プロセスが自動化されると、手動のリリースプロセスによるエラーの危険を考えなくて済みます。製造へ送ったデータは、設計した通りの製品を製造するために必要なものです。 

プロセスフローの全ての stage が成功する必要があります。そうでないと、リリースは失敗し、データは vault へコミットされません。 

リリースが成功したら、Item のレビジョンのライフサイクル状態は Planned から Released、または New From Design (ライフサイクル定義に依存します)に変わります(configuration のタブに表示されます)。 

リリースした configuration のタブは更新され、Item レビジョンのライフサイクル状態が反映されます。上図は、基本のライフサイクル 以外のライフサイクル定義の例です。 

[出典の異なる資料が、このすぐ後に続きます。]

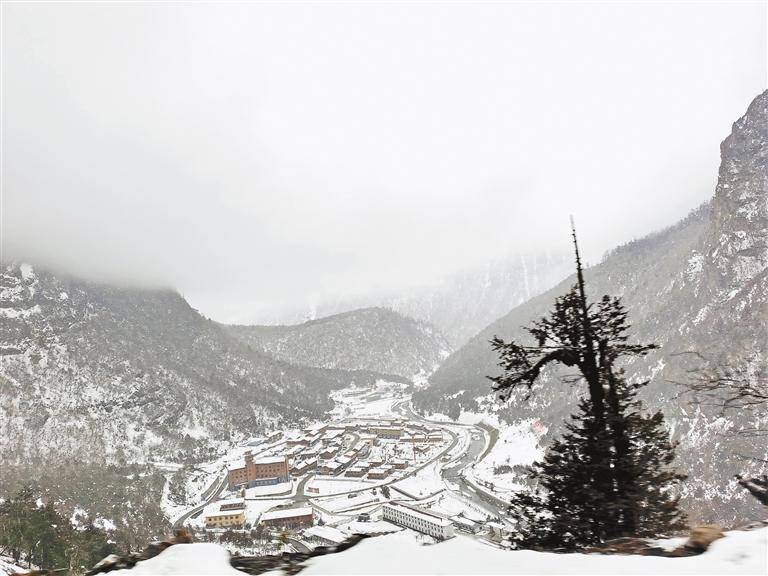 傍晚,翻过海拔5000多米的恰拉山口,经过白雪覆盖的草原,旅游团一头扎进云雾笼罩着的日拉雪山深处。浓重的雾气中,雪花飞舞,松林密布,天地之间只剩黑白两种颜色。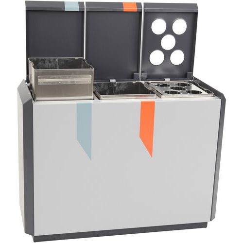 - Brandveilige afvalscheidingsunit van hoogwaardig aluminium met 3 binnenemmers waarvan één met bekerinzet.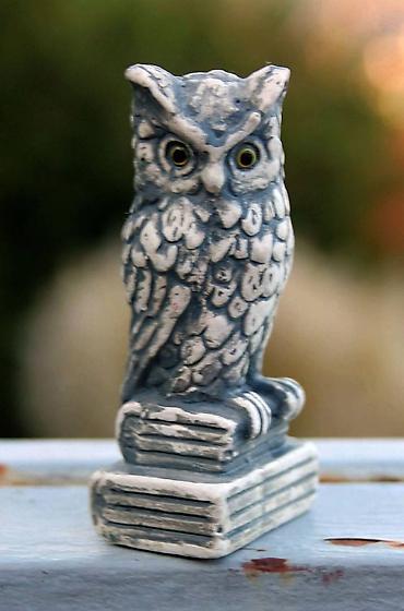 Vintage figurina - sova na knjigama znanja.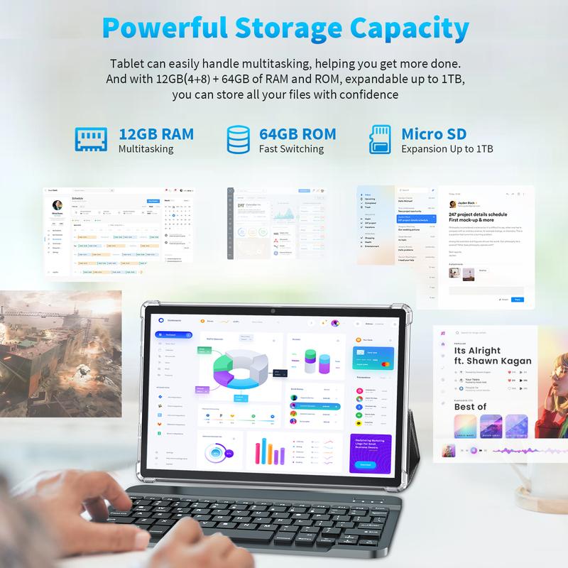 ·【12GB RAM(4GB+8GB) + 64GB ROM + 1TB Expandable】The Android 14 tablet is equipped with 12GB RAM 64GB ROM large-capacity storage, supports 1TB expansion(card not included)

リリースされたら、Item (とそのレビジョン)に関する詳細情報やライフサイクル状態を Item view (Target Vault 領域のヘッダにある文字 (Revision <Revision ID> of <Item ID>) をクリックして表示します)でコントロールできます。 

容易に履歴を調査

新しい Item のレビジョンを生成する時、リリースプロセス中、Altium Designer はバージョンコントロール リポジトリアドレスやプロジェクトのレビジョンを記録し、vault へこの情報をコミットします。この方法は、将来的にいつでも、バージョンコントロールから設計プロジェクトの全てのファイルのスナップショットを取り戻せることを意味します。言い換えると、PCB デザインの configuration をリリースした時期を確認し、この時期に戻って configuration を取り戻し、修正、再リリースできます。  

リリースデータを vault 内の Item Revision へコミットする時、Design Repository に保存される 2 つのファイルにリリースが '記録' されます。 

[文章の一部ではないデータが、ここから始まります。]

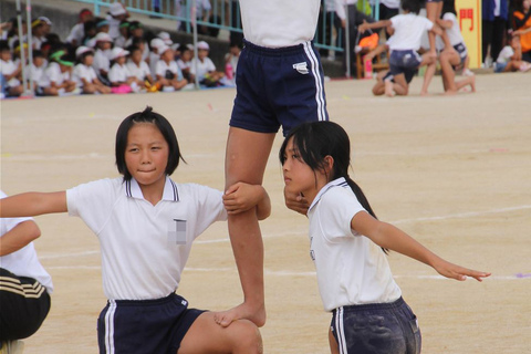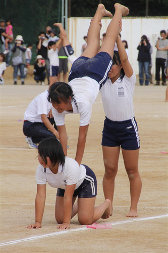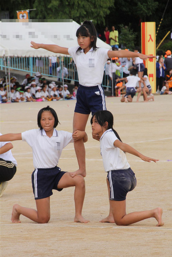 襟付き体操着のチームの組体操の様子。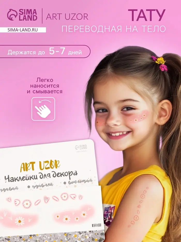 Добавьте нежности своему образу! Цветные веснушки-ромашки — временные татуировки станут оригинальным акцентом в вашем повседневном или праздничном стиле. Эти интересные наклейки на лицо подойдут как для девочек, так и для женщин, которые хотят подчеркнуть свою индивидуальность.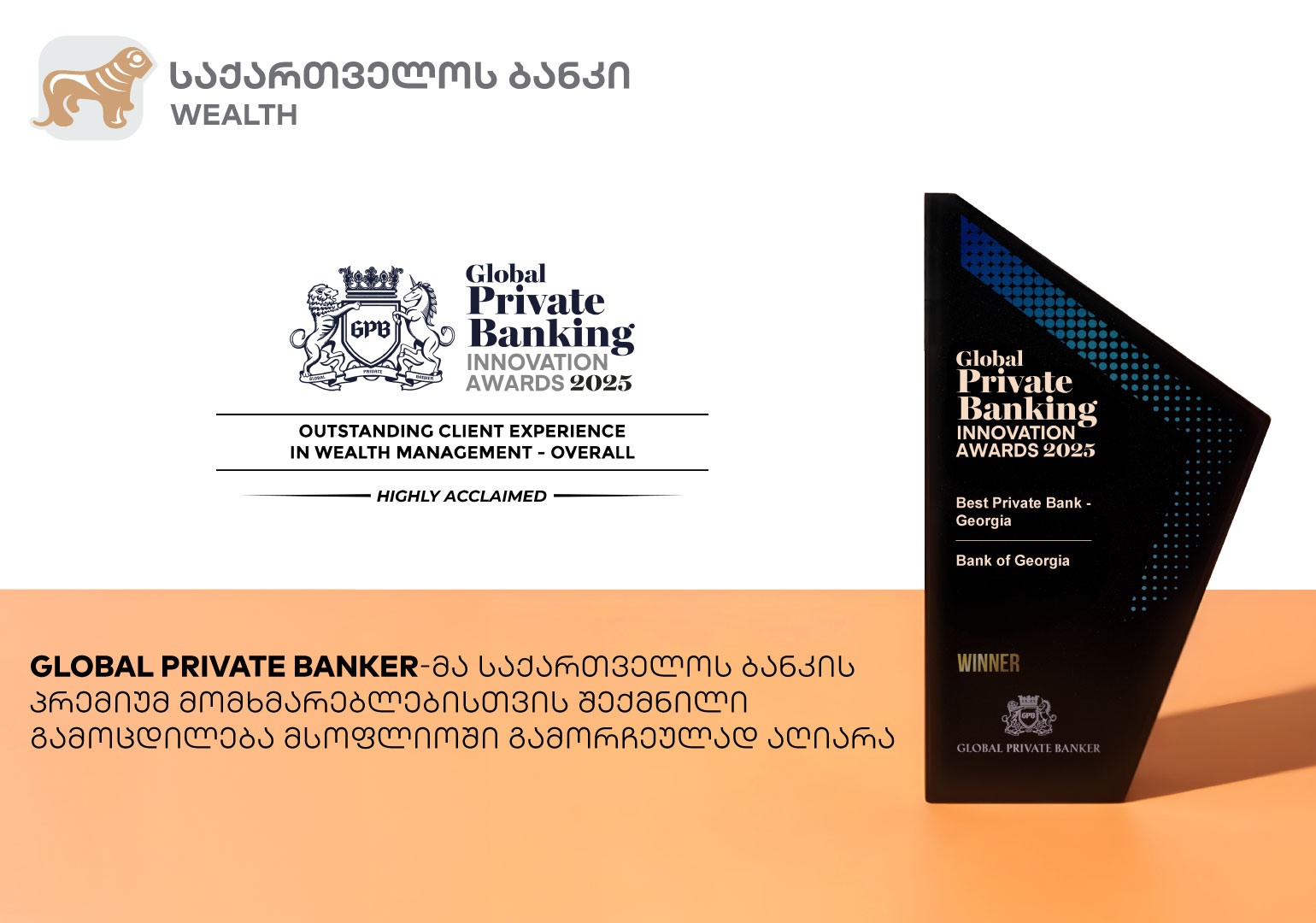 წლევანდელი Global Private Banking Innovation Awards-ის ფარგლებში კი, საქართველოს ბანკის პრემიუმ მომხმარებლებისთვის შექმნილი გამოცდილება მსოფლიოში გამორჩეულად იქნა აღიარებული. ამასთან, საქართველოს ბანკის პრემიუმ მიმართულება საუკეთესოდ დასახელდა საქართველოში.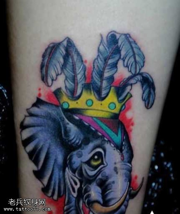 腿部彩色大象纹身图案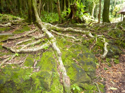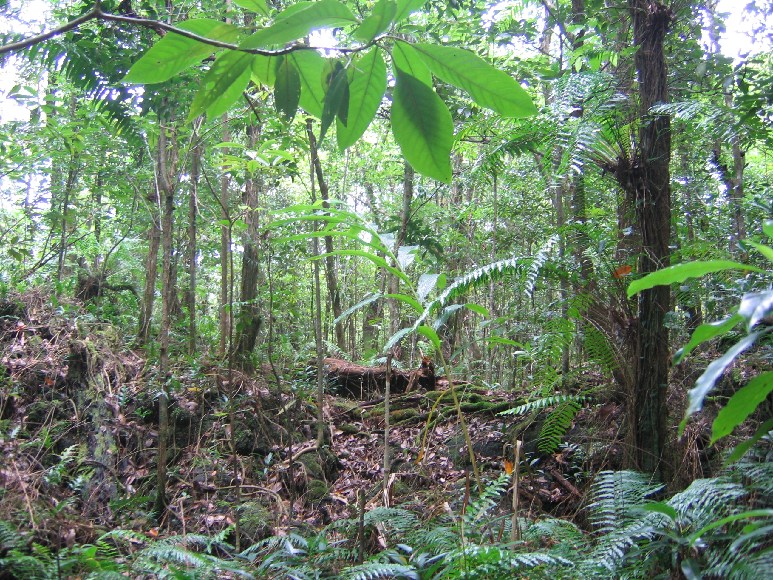Partout autour de nous au sol ou sur les troncs les Hymenophyllum, minuscules fougères, sont d'un grand intérêt pour les professeurs de ce que furent les sciences naturelles, à savoir que les membranes des feuilles n'ont qu'une couche de cellules, ce qui les rend prêtes au passage sous le microscope, sans préparation.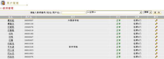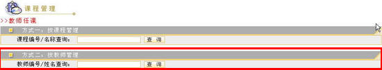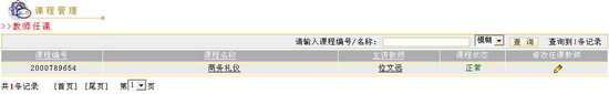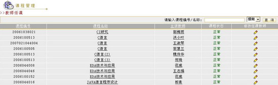 教师任课管理教师任课管理可以通过两种方式来进行,一种是按课程管理,一种是按教师管理。按课程管理就是首先给出课程列表,给某一门课程添加或删除该门课程的任课教师;按教师管理是首先给出教师列表,然后给某一教师选择任课课程 图 1 教师任课管理页面 按课程管理管理员可以通过“查询”方式来获得自己想要浏览的课程。查询方式有两种,一种是精确查询,一种是模糊查询。在教师任课页面的“课程编号/名称查询”输入框中填写课程编号或课程名称,然后点击“查询”按钮,进入教师任课页面,这时在教师任课页面会显示当前查找的课程。如果在查询输入框内不填写任何内容,直接点击“查询”按钮 图 2 教师任课信息 在教师任课页面,您还可以做进一步的查询。您可以在“请输入课程编号/名称”框内输入您所要查询的课程编号或课程名称信息,点击“查询”按钮 图 3 查询结果 该页面显示了课程编号、课程名称、主讲教师、课程状态、修改任课教师等操作选项。管理员可以在课程列表中点击课程名称来查看课程信息,点击主讲教师来查看主讲教师的情况。课程状态栏显示该课程的使用状态,“暂停”为暂停状态,“正常”为正常状态。学生无法看到处于暂停状态的课程。
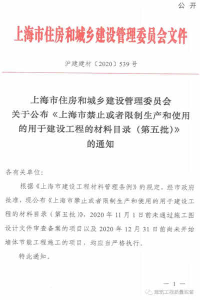 2020年9月30日,上海市住房和城市建設(shè)管理委員會(huì)關(guān)于公布《上海市禁止或者限制生產(chǎn)和使用的用于建設(shè)工程的材料目錄《(第五批)》的通知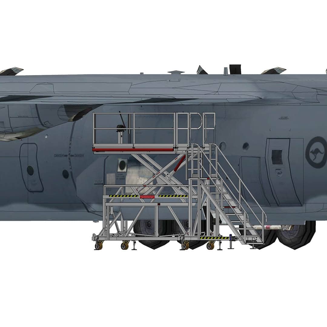 Presenting the specialized Lockheed Martin C-130 Armpit Service Stand, a foundational access solution engineered for high-efficiency maintenance on the C-130 Hercules fleet. This strong platform is methodically designed to facilitate comprehensive servicing and inspection within the critical “armpit” zones—the complex areas adjacent to the main landing gear on both the left-hand (LH) and right-hand (RH) sides of the aircraft fuselage.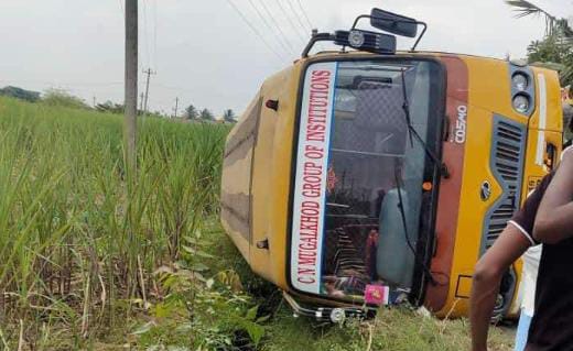 ಶಾಲಾ ವಿದ್ಯಾರ್ಥಿಗಳು ಸಂಚರಿಸುತ್ತಿದ್ದ ಖಾಸಗಿ ಶಾಲೆ ಬಸ್ ಚಾಲಕನ ನಿಯಂತ್ರಣ ತಪ್ಪಿದ ಪರಿಣಾಮ ವಾಹನ ಪಲ್ಟಿಯಾಗಿದ್ದು, ಮಕ್ಕಳಿಗೆ ಸಣ್ಣಪುಟ್ಟ ಗಾಯಗಳಾದ ಘಟನೆ ಬೆಳಗಾವಿ ಜಿಲ್ಲೆ ಮೂಡಲಗಿ ತಾಲೂಕಿನ ಪಟ್ಟಗುಂದಿ ಗ್ರಾಮದ ಹೊರವಲಯದಲ್ಲಿ ನಡೆದಿದೆ.

  • Item ID-Revision ID[ProjectName].ReleaseInfo – このファイルはリリースの詳細です。ソースデザインドキュメントのバージョンコントロール リポジトリアドレス(URL)と生成されるファイルがリスト表示され、ボードデザインリリースプロセスのコミット stage としてチェックインされます。 
  • _Release.log – このファイルはプロジェクトの詳細です。プロジェクトのリリース(リリースした configuration 名やデータをリリースしたItem のレビジョン)に関するログです。 

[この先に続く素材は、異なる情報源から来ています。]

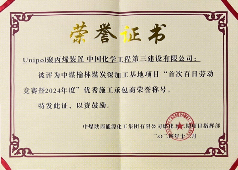 近日,米兰平台内蒙古分公司承建的中煤榆林煤炭深加工基地项目Unipol聚丙烯装置土建工程荣获中煤陕西能源化工集团有限公司首次百日劳动竞赛暨2024年度“优秀施工承包商”称号。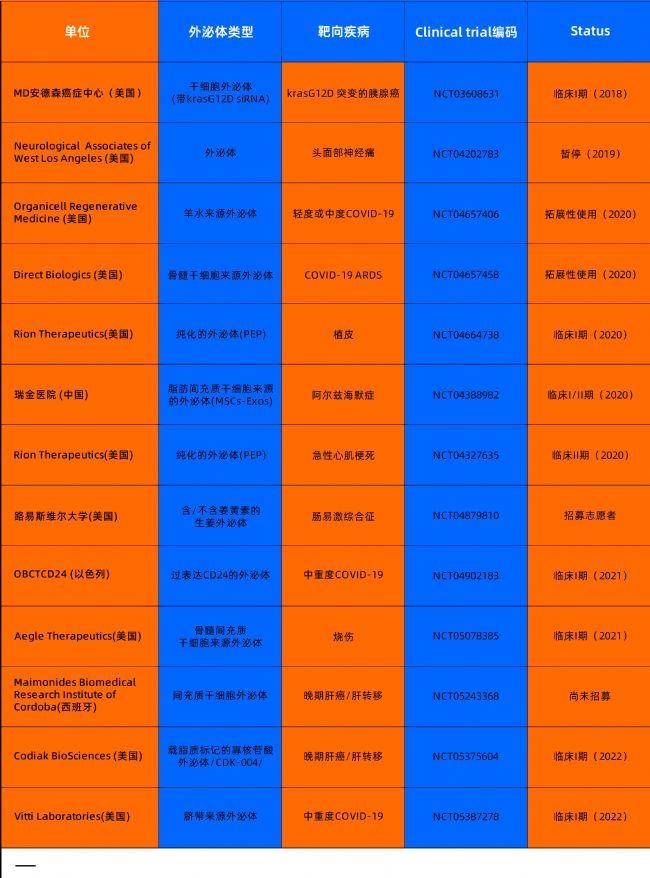 表1. 外泌體治療性臨床試驗(部分)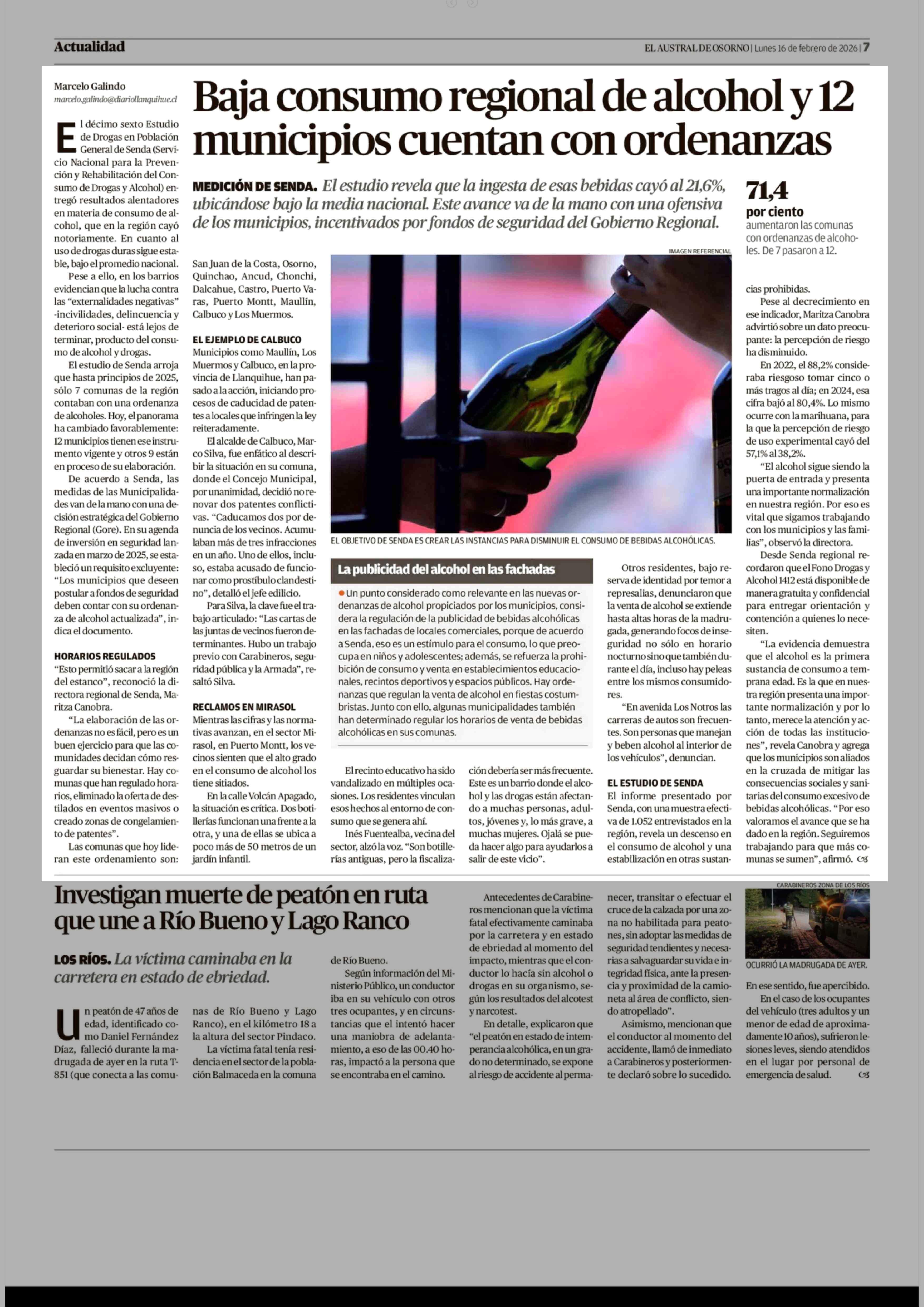 Baja consumo regional de alcohol y 12 municipios cuentan con ordenanzas 16-02-2026 El Austral de Osorno |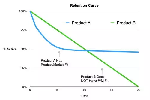 A产品到达某个节点以后,用户流失便趋于平缓,可能第一个月流失50%,但接下来几个月的剩余用户流失都在10%以下,到达这个留存曲线的时间越短,代表PMF的契合度越高。

これらのファイルは、ReleaseInfo と言う名称のサブフォルダにある Design Repository へチェックインされます。 

リリースについての情報は、.ReleaseInfo ファイル内の Design Repository に保存されます。設計プロジェクトの全てのリリースは _Release.log ファイルに表示されます。 

Storage Manager パネルから _Release.log ファイルのレビジョンを表示して、そのプロジェクトの全てのリリースの履歴を確認できます。 

Storage Manager パネルから素早く表示したプロジェクトのリリース履歴。